"Yes, father," the latter at length replied. "Oh!" he added, "why was I not here to defend them? but the scoundrels kept me back."
"Who did?" Don Pedro asked; "have you not come from Santiago?"
"No, general; and it was within an ace that I never saw the light of day again."
"What has happened, then?"
"In the environs of Talca, while I was travelling post haste in the hope of joining you on the road, I was made prisoner by an Indian party, whose presence I was far from suspecting. My lancero was put to death after one of their barbarous ceremonies, and I was preparing to undergo the same fate, when this night I was suddenly set at liberty by the order of an Indian chief of the name of Tahi-Mari, whom I did not see."

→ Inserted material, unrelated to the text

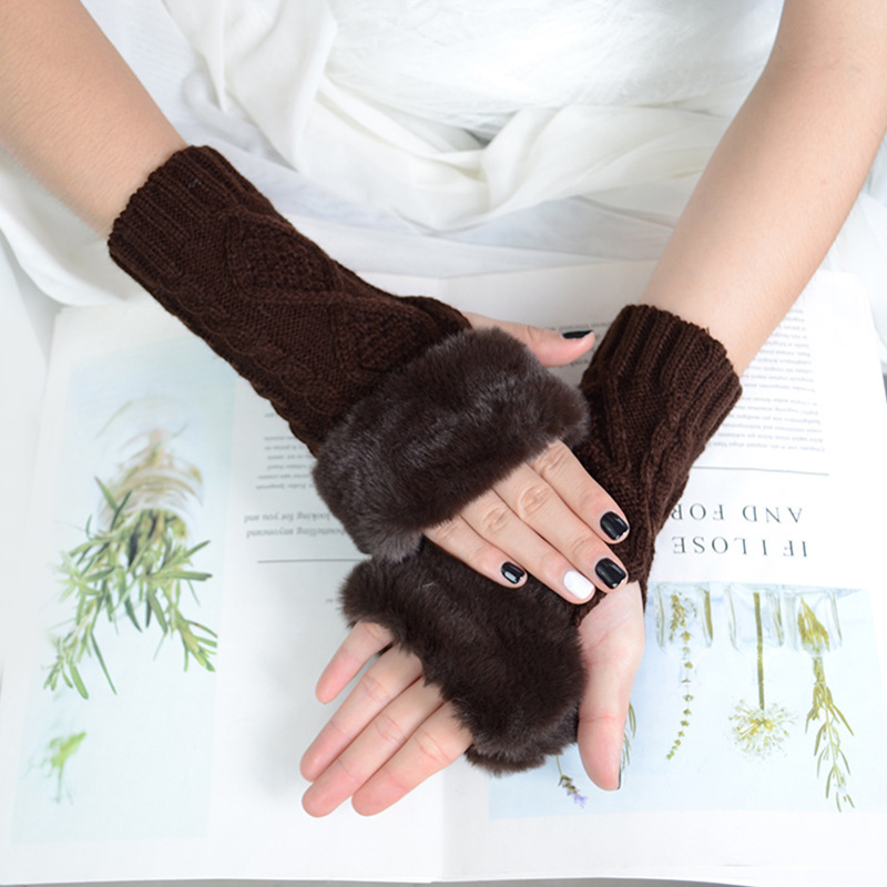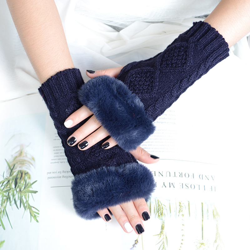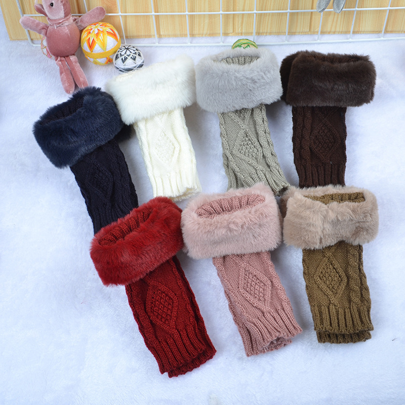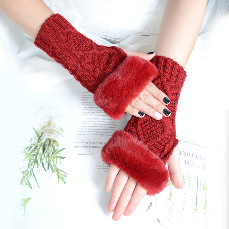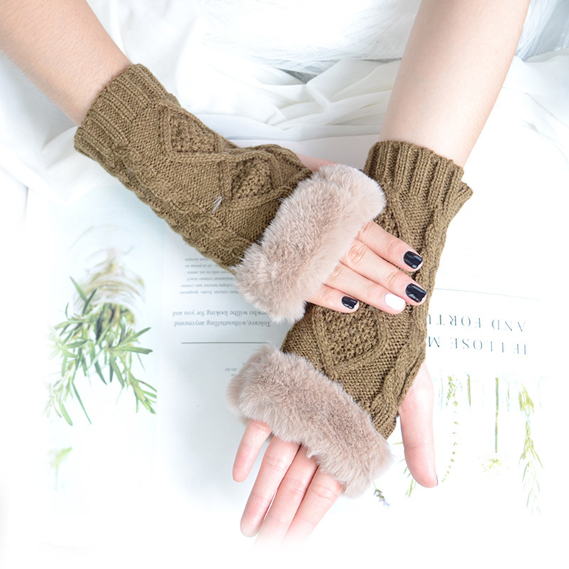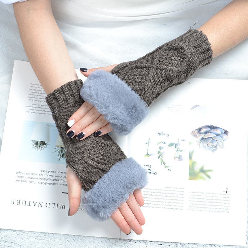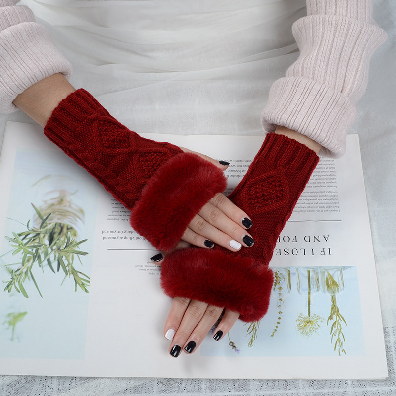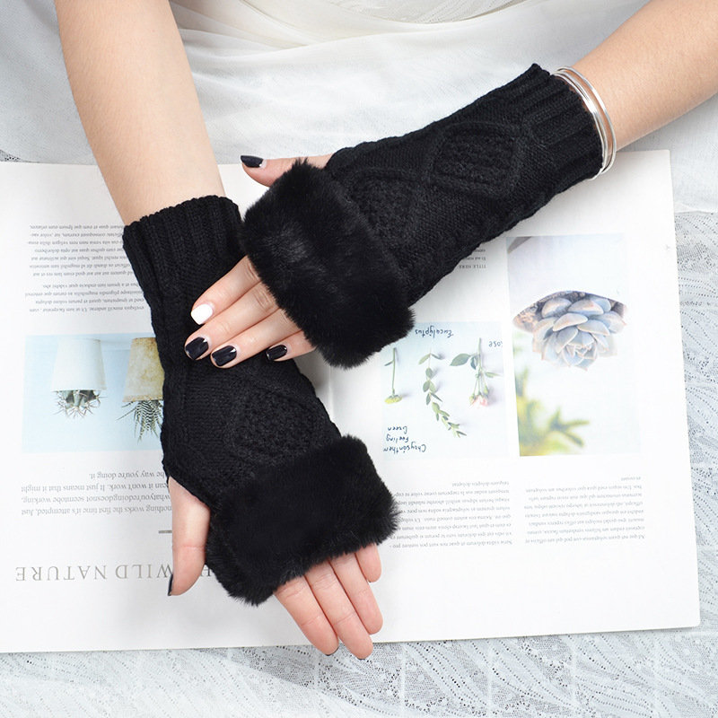 跨境新款菱形短款毛毛手套秋冬毛线手套女假袖子针织保暖露指臂套

"Tahi-Mari!" the old general immediately interrupted him. "What! there is still a man bearing that name, and you owe your liberty to him? Oh! he must, in that case, be meditating some treachery, for a Tahi-Mari would have killed you, in order to enjoy the sight of your agony."
"My father, calm yourself," Don Juan remarked.
"General," Leon said at length, who had paid great attention to the young man's words, "whatever may be the motive which caused the man who liberated the colonel to act so, we must take advantage of the help which he is able to give us, in order to escape from the wood."
"My daughters! my daughters!" the old gentleman exclaimed, "must I then give up all hope of seeing them again?"
"Oh!" said Don Pedro, "we must follow up the track of these accursed Indians, or—no, we will hasten to Valdivia, and once arrived there, I will organize an expedition."